* EXERCISE DESCRIPTION
Every record here must be set down once more, precisely as it reads.

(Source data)
+-------+
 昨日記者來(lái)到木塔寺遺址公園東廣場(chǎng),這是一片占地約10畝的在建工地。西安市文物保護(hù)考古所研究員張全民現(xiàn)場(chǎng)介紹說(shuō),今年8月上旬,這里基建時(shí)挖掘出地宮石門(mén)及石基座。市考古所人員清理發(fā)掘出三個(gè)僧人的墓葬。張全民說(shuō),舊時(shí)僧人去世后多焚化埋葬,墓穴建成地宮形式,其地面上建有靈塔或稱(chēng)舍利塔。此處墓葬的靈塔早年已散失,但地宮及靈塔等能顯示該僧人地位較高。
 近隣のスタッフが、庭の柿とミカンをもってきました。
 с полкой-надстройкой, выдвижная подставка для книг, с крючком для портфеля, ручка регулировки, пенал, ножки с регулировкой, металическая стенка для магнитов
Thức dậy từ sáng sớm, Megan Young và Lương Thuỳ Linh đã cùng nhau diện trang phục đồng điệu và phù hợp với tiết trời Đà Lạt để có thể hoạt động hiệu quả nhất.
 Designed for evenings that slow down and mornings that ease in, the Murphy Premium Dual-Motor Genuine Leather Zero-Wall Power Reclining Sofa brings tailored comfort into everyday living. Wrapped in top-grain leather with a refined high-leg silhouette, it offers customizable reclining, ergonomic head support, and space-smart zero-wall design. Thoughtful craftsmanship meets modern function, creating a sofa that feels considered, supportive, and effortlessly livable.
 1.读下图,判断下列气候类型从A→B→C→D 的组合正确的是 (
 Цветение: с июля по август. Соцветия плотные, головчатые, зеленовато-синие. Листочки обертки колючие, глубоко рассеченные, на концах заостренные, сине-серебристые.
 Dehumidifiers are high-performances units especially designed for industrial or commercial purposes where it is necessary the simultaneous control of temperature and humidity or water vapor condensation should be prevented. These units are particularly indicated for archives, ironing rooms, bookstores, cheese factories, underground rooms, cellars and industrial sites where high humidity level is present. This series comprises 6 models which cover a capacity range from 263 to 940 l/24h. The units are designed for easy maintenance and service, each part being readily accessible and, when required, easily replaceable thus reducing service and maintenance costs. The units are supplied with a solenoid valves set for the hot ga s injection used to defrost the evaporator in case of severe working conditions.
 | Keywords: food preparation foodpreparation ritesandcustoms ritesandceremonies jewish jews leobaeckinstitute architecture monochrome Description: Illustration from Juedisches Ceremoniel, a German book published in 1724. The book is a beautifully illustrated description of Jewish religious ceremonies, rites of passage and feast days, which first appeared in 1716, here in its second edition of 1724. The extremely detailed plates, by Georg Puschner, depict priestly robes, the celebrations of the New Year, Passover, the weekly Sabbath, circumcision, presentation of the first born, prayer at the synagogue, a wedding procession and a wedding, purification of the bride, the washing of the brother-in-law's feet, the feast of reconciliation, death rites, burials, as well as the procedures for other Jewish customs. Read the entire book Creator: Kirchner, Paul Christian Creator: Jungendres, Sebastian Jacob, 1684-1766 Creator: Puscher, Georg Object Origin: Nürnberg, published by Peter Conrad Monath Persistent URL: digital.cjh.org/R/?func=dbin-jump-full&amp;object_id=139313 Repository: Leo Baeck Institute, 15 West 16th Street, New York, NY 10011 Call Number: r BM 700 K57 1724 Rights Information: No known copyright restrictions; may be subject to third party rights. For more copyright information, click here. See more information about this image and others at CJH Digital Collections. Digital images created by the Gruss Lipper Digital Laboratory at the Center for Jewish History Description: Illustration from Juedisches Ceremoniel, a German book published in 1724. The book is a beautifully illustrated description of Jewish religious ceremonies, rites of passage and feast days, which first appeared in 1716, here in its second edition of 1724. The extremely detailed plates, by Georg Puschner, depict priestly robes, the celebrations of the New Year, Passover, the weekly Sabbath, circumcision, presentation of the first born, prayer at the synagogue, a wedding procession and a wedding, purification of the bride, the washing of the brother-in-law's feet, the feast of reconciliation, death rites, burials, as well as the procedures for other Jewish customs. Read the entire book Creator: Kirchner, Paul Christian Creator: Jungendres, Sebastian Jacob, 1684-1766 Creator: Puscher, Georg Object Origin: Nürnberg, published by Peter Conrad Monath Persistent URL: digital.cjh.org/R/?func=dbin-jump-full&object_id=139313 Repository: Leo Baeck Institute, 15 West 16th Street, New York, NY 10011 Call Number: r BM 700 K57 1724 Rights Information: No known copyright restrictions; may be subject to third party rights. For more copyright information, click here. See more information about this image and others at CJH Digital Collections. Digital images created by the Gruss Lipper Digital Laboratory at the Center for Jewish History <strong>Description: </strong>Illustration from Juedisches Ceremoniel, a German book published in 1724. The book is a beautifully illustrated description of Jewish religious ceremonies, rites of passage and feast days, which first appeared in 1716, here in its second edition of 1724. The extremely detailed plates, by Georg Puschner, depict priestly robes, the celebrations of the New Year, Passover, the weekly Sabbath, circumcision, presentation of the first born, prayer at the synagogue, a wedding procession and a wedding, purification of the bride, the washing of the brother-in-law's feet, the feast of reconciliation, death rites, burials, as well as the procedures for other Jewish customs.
+-------+
* RESULT OF THE EXERCISE
 昨日記者來(lái)到木塔寺遺址公園東廣場(chǎng),這是一片占地約10畝的在建工地。西安市文物保護(hù)考古所研究員張全民現(xiàn)場(chǎng)介紹說(shuō),今年8月上旬,這里基建時(shí)挖掘出地宮石門(mén)及石基座。市考古所人員清理發(fā)掘出三個(gè)僧人的墓葬。張全民說(shuō),舊時(shí)僧人去世后多焚化埋葬,墓穴建成地宮形式,其地面上建有靈塔或稱(chēng)舍利塔。此處墓葬的靈塔早年已散失,但地宮及靈塔等能顯示該僧人地位較高。
 近隣のスタッフが、庭の柿とミカンをもってきました。
 с полкой-надстройкой, выдвижная подставка для книг, с крючком для портфеля, ручка регулировки, пенал, ножки с регулировкой, металическая стенка для магнитов
Thức dậy từ sáng sớm, Megan Young và Lương Thuỳ Linh đã cùng nhau diện trang phục đồng điệu và phù hợp với tiết trời Đà Lạt để có thể hoạt động hiệu quả nhất.
 Designed for evenings that slow down and mornings that ease in, the Murphy Premium Dual-Motor Genuine Leather Zero-Wall Power Reclining Sofa brings tailored comfort into everyday living. Wrapped in top-grain leather with a refined high-leg silhouette, it offers customizable reclining, ergonomic head support, and space-smart zero-wall design. Thoughtful craftsmanship meets modern function, creating a sofa that feels considered, supportive, and effortlessly livable.
 1.读下图,判断下列气候类型从A→B→C→D 的组合正确的是 (
 Цветение: с июля по август. Соцветия плотные, головчатые, зеленовато-синие. Листочки обертки колючие, глубоко рассеченные, на концах заостренные, сине-серебристые.
 Dehumidifiers are high-performances units especially designed for industrial or commercial purposes where it is necessary the simultaneous control of temperature and humidity or water vapor condensation should be prevented. These units are particularly indicated for archives, ironing rooms, bookstores, cheese factories, underground rooms, cellars and industrial sites where high humidity level is present. This series comprises 6 models which cover a capacity range from 263 to 940 l/24h. The units are designed for easy maintenance and service, each part being readily accessible and, when required, easily replaceable thus reducing service and maintenance costs. The units are supplied with a solenoid valves set for the hot ga s injection used to defrost the evaporator in case of severe working conditions.
 | Keywords: food preparation foodpreparation ritesandcustoms ritesandceremonies jewish jews leobaeckinstitute architecture monochrome Description: Illustration from Juedisches Ceremoniel, a German book published in 1724. The book is a beautifully illustrated description of Jewish religious ceremonies, rites of passage and feast days, which first appeared in 1716, here in its second edition of 1724. The extremely detailed plates, by Georg Puschner, depict priestly robes, the celebrations of the New Year, Passover, the weekly Sabbath, circumcision, presentation of the first born, prayer at the synagogue, a wedding procession and a wedding, purification of the bride, the washing of the brother-in-law's feet, the feast of reconciliation, death rites, burials, as well as the procedures for other Jewish customs. Read the entire book Creator: Kirchner, Paul Christian Creator: Jungendres, Sebastian Jacob, 1684-1766 Creator: Puscher, Georg Object Origin: Nürnberg, published by Peter Conrad Monath Persistent URL: digital.cjh.org/R/?func=dbin-jump-full&amp;object_id=139313 Repository: Leo Baeck Institute, 15 West 16th Street, New York, NY 10011 Call Number: r BM 700 K57 1724 Rights Information: No known copyright restrictions; may be subject to third party rights. For more copyright information, click here. See more information about this image and others at CJH Digital Collections. Digital images created by the Gruss Lipper Digital Laboratory at the Center for Jewish History Description: Illustration from Juedisches Ceremoniel, a German book published in 1724. The book is a beautifully illustrated description of Jewish religious ceremonies, rites of passage and feast days, which first appeared in 1716, here in its second edition of 1724. The extremely detailed plates, by Georg Puschner, depict priestly robes, the celebrations of the New Year, Passover, the weekly Sabbath, circumcision, presentation of the first born, prayer at the synagogue, a wedding procession and a wedding, purification of the bride, the washing of the brother-in-law's feet, the feast of reconciliation, death rites, burials, as well as the procedures for other Jewish customs. Read the entire book Creator: Kirchner, Paul Christian Creator: Jungendres, Sebastian Jacob, 1684-1766 Creator: Puscher, Georg Object Origin: Nürnberg, published by Peter Conrad Monath Persistent URL: digital.cjh.org/R/?func=dbin-jump-full&object_id=139313 Repository: Leo Baeck Institute, 15 West 16th Street, New York, NY 10011 Call Number: r BM 700 K57 1724 Rights Information: No known copyright restrictions; may be subject to third party rights. For more copyright information, click here. See more information about this image and others at CJH Digital Collections. Digital images created by the Gruss Lipper Digital Laboratory at the Center for Jewish History <strong>Description: </strong>Illustration from Juedisches Ceremoniel, a German book published in 1724. The book is a beautifully illustrated description of Jewish religious ceremonies, rites of passage and feast days, which first appeared in 1716, here in its second edition of 1724. The extremely detailed plates, by Georg Puschner, depict priestly robes, the celebrations of the New Year, Passover, the weekly Sabbath, circumcision, presentation of the first born, prayer at the synagogue, a wedding procession and a wedding, purification of the bride, the washing of the brother-in-law's feet, the feast of reconciliation, death rites, burials, as well as the procedures for other Jewish customs.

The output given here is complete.